Directions for this task:
Among the entries below, retype exactly the lines starting with the one with "Blush Floral Colorblock Tunic Top Sold" and going on through the one with "Statement of Establishment", but not the pictures.
─── Recorded information ───
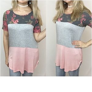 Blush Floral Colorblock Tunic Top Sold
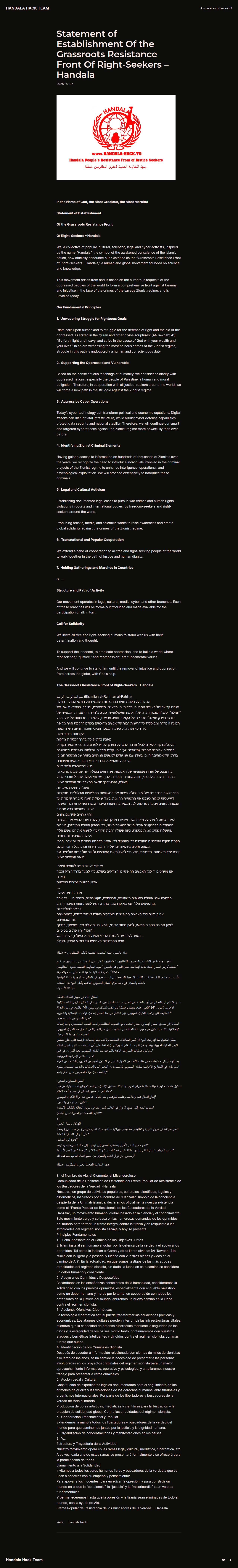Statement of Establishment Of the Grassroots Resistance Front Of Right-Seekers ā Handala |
───
─── Recorded information ───
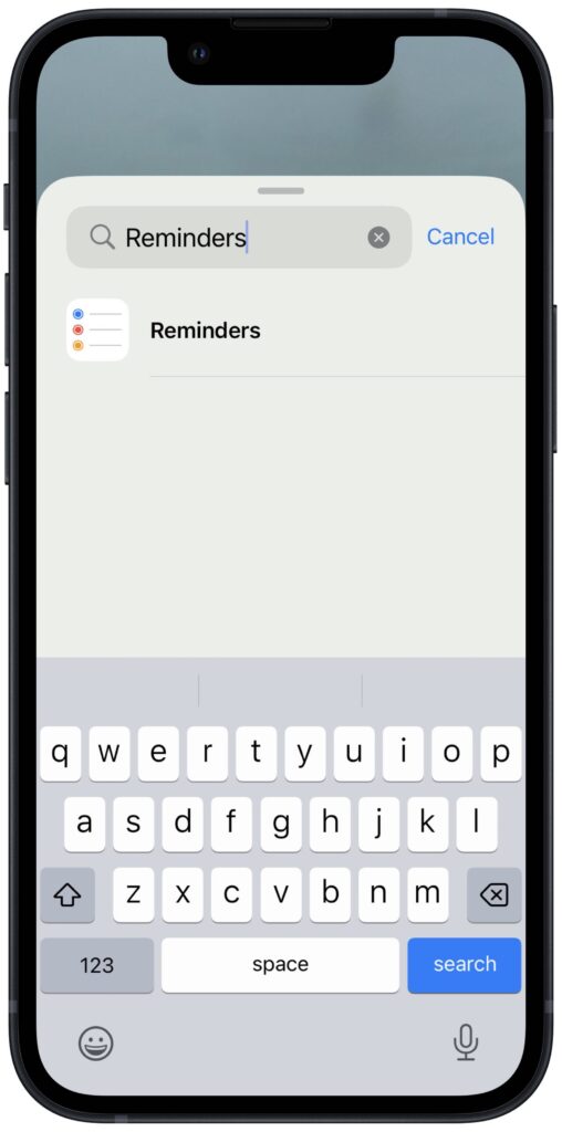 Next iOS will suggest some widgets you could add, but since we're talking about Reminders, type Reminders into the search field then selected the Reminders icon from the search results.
───
─── Recorded information ───
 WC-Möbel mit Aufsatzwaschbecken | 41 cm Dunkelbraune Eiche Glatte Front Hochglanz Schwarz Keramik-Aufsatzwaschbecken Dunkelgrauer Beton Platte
───
Solution to this task:
 Blush Floral Colorblock Tunic Top Sold
Statement of Establishment Of the Grassroots Resistance Front Of Right-Seekers ā Handala |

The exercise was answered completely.